AN INVESTIGATION has been launched into the Law Society's troubled computer system and president Martin Mears has promised “there will be no cover up”.

A working party of society council members, which includes Mears, will investigate the system's burgeoning cost and the chronic delays in practising certificates being issued.

It will also ask why staff appeared to keep council members in the dark about the system's problems.

“I was elected by the profession to run this place properly. I am not the Law Society's man or Chancery Lane's and I am not here to cover up their embarrassments,” said Mears.

The investigation was set up last week amid a storm of national media attention on divisions within the society sparked off by Eileen Pembridge's explosive “open letter to the profession” in The Lawyer.

Responding to her claims that his election had led to inefficiency, incompetence and discord, Mears reiterated his long-standing complaint that he was being blocked by a small band of opponents on the council and among staff.

Last week also saw the long-awaited debate on reform of the Law Society, but there appeared to be only lukewarm support for the kind of radical shake-up advocated by council member David Thomas.

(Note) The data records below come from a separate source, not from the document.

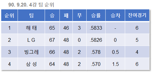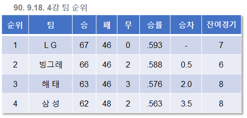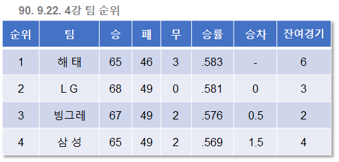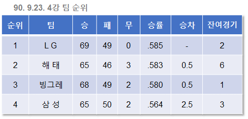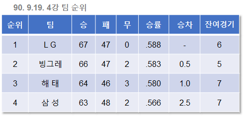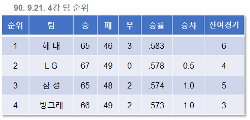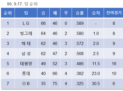 9월 16일. 앞서가던 빙그레가 해태에게 역전을 허용했다. LG와 빙그레의 승차는 이제 사라졌고, 승률에 뒤진 2위가 되었다.
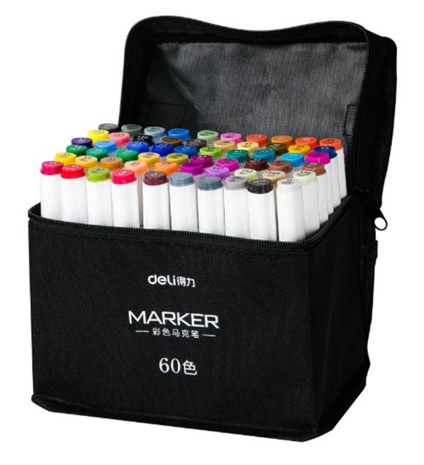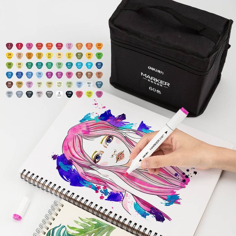 Набор маркеров для скетчинга Deli 70807-60 двухсторонний 60цв. ассорти текстильная сумка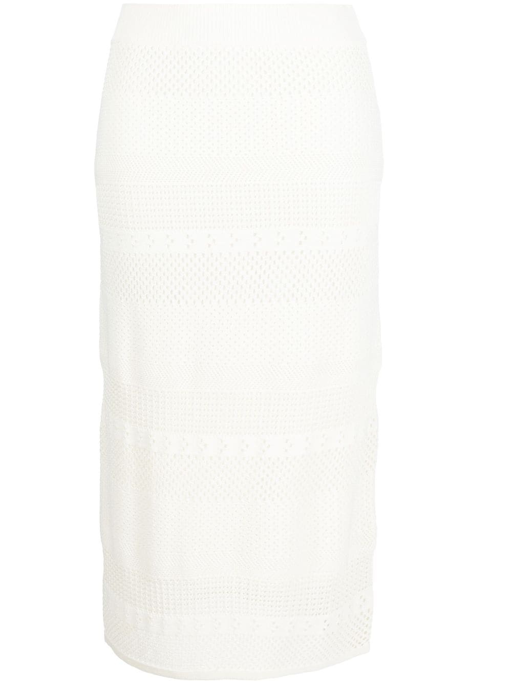 crochet-knit pencil skirt Highlights - Off-white - Knitted construction - Crochet knit - High waist - Perforated detailing - Elasticated waistband - Straight hem - Mid-length Made in Italy Composition Lining: Viscose 100% Outer: Rayon 62%, Nylon 38% SIZE & FIT Model measurements Height 5 ft 10 in(1.77 m) Bust/Chest 29.92 in(76 cm) Hips 34.25 in(87 cm) Waist 23.62 in(60 cm)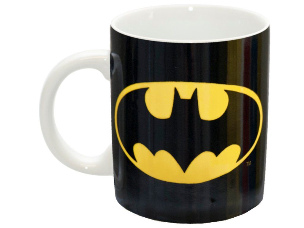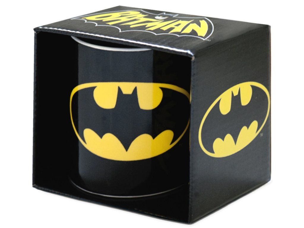 Oficiální hrnek a doplňkové zboží z katalogu produktů s logem a grafikou komiksového hrdiny Batmana a společnosti Warner Bros.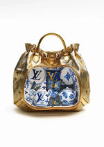 Een goudkleurige handtas met een transparant voorvak met daarin blauwe en witte porseleinen schaaltjes met een bloemmotief en LV-logo's. De tas heeft een trekkoordsluiting en een hengsel aan de bovenzijde.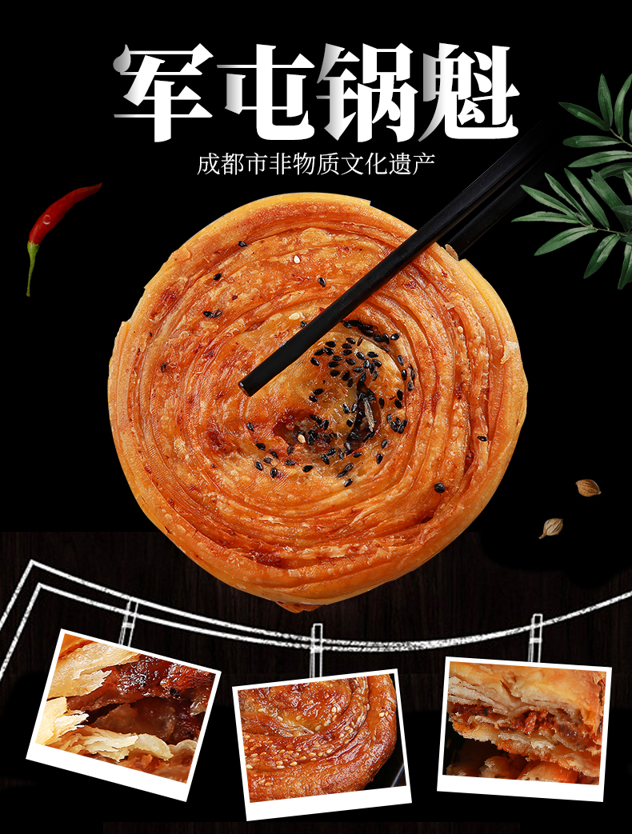 有五香、麻辣两种口味可选。军屯锅盔是成都市非物质文化遗产,源自三国时期,精选面粉、猪肉、菜籽油,秉承古法工艺“一打二抹三翻六转”匠心制作,表皮酥脆,层次分明,内馅肉质饱满,好吃不腻,还原经典四川味道。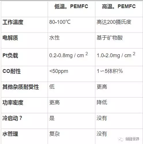 HTPEMFCs不優(yōu)于低溫PEMFC;兩種技術(shù)都在其優(yōu)勢(shì)所在的地方找到了利基。下表總結(jié)了兩種PEMFC變量之間的差異: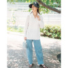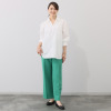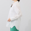 シャツ襟の角を丸く仕上げ、後ろ襟ぐりのみ台襟を付けた、大人のかわいさプラス格好良いデザインです。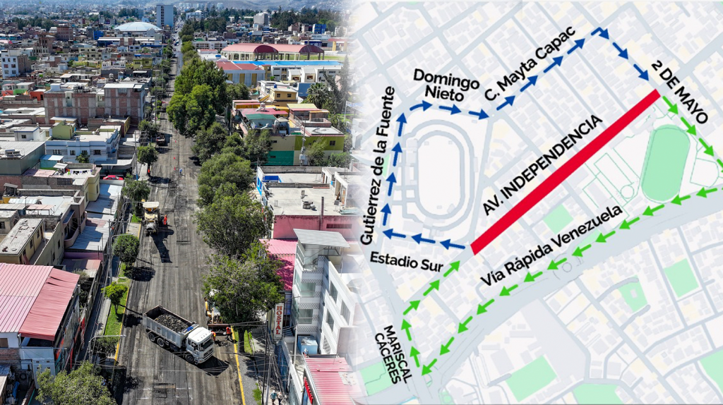 La Municipalidad Provincial de Arequipa anunció que, desde este lunes 19 de mayo, a partir de las 9:00 a.m., se cerrará temporalmente el tramo de la avenida Independencia entre la Av. Recavarren y la calle 2 de Mayo para ejecutar trabajos de mantenimiento vial. Ante ello, se ha dispuesto un plan de desvíos para garantizar la fluidez del tránsito durante los tres días que durarán las obras.

The computer investigation marks the culmination of a campaign by vice-president Robert Sayer to highlight its problems. The campaign comes after The Lawyer last month revealed details of an internal staff email describing the situation as a “crisis” when council members were only being told of “teething problems”.

The working party, set up by the society's finance committee, includes Sayer and Equal Opportunities Commission chair Kamlesh Bahl, and will appoint independent consultants

Finance committee chair and society treasurer Mike Howells said the party would report in April. “There seems to be a conflict between what we were told and what was going on in the background. It is essential we get to the bottom of this.”